_EXTRACTED DATA_.

↓↓↓

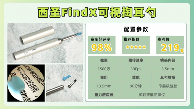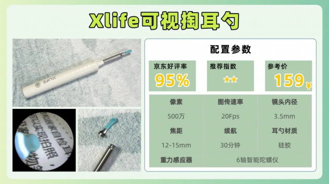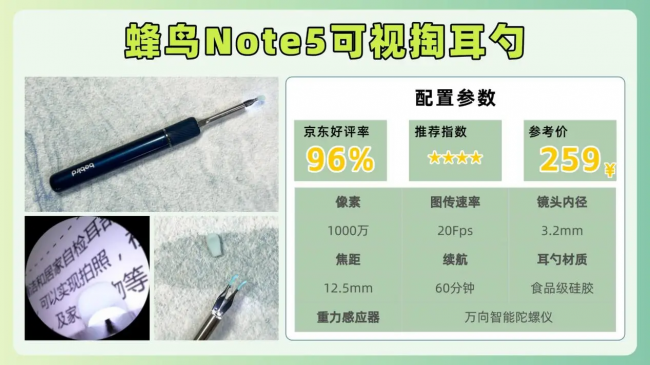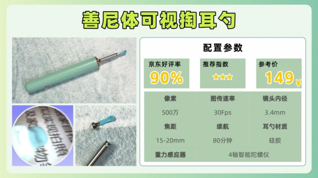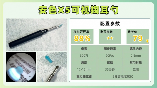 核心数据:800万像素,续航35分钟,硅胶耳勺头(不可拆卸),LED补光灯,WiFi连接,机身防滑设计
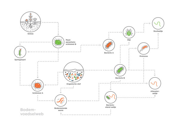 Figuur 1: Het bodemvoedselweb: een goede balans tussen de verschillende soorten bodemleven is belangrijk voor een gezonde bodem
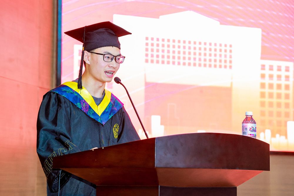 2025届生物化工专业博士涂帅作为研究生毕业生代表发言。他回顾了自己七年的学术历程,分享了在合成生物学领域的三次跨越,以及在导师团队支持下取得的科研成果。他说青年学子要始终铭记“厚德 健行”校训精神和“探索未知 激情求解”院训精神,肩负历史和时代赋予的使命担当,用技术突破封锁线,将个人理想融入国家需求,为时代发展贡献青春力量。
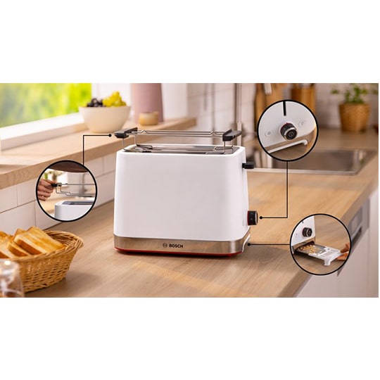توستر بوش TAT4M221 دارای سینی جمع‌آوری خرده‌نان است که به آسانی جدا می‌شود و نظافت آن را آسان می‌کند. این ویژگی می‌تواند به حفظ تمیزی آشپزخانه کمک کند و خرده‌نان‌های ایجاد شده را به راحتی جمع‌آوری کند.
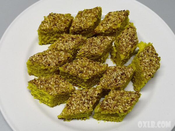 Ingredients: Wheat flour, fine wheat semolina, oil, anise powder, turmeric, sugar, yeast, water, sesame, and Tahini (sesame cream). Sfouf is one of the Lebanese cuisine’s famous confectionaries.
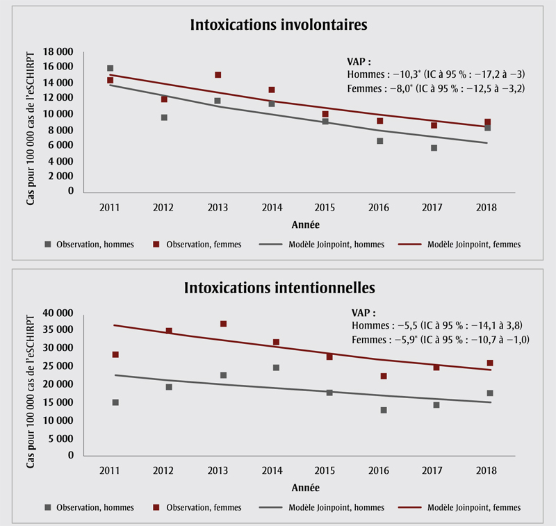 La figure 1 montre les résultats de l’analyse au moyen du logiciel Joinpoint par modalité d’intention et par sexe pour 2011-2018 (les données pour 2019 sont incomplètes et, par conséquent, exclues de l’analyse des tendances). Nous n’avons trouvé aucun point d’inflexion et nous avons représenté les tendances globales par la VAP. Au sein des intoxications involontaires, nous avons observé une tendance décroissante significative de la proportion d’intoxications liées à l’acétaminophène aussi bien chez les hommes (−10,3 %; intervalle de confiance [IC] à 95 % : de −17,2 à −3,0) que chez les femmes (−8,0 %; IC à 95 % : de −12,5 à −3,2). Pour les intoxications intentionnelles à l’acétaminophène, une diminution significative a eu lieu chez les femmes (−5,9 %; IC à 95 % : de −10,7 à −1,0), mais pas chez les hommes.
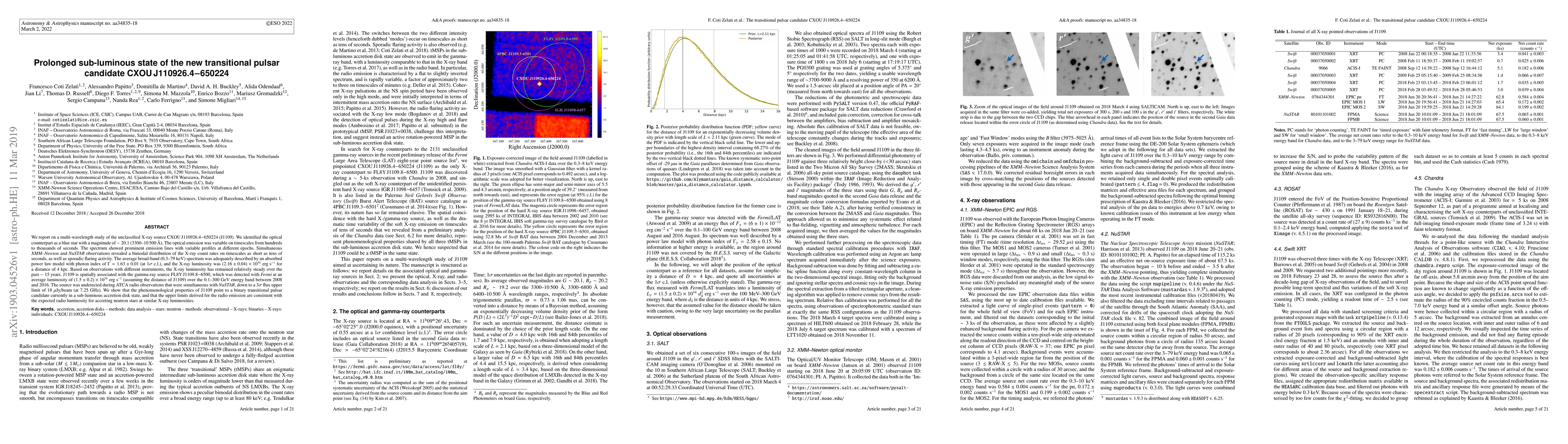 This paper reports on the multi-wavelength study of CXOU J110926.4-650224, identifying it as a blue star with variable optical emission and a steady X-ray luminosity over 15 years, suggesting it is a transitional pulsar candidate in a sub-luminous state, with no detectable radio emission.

↑↑↑
↓↓↓

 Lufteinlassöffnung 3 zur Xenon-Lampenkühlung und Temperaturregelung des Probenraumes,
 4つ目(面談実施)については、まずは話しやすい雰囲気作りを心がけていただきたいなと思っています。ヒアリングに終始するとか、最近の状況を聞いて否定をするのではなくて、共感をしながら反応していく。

↑↑↑

_WHAT YOU SHOULD DO_.
To complete this exercise, transcribe exactly the lines above from the one that holds "核心数据:800万像素,续航" through the one that holds "Ingredients: Wheat flour, fine". Pictures stay out.

_TASK RESPONSE_.
 核心数据:800万像素,续航35分钟,硅胶耳勺头(不可拆卸),LED补光灯,WiFi连接,机身防滑设计
 Figuur 1: Het bodemvoedselweb: een goede balans tussen de verschillende soorten bodemleven is belangrijk voor een gezonde bodem
 2025届生物化工专业博士涂帅作为研究生毕业生代表发言。他回顾了自己七年的学术历程,分享了在合成生物学领域的三次跨越,以及在导师团队支持下取得的科研成果。他说青年学子要始终铭记“厚德 健行”校训精神和“探索未知 激情求解”院训精神,肩负历史和时代赋予的使命担当,用技术突破封锁线,将个人理想融入国家需求,为时代发展贡献青春力量。
توستر بوش TAT4M221 دارای سینی جمع‌آوری خرده‌نان است که به آسانی جدا می‌شود و نظافت آن را آسان می‌کند. این ویژگی می‌تواند به حفظ تمیزی آشپزخانه کمک کند و خرده‌نان‌های ایجاد شده را به راحتی جمع‌آوری کند.
 Ingredients: Wheat flour, fine wheat semolina, oil, anise powder, turmeric, sugar, yeast, water, sesame, and Tahini (sesame cream). Sfouf is one of the Lebanese cuisine’s famous confectionaries.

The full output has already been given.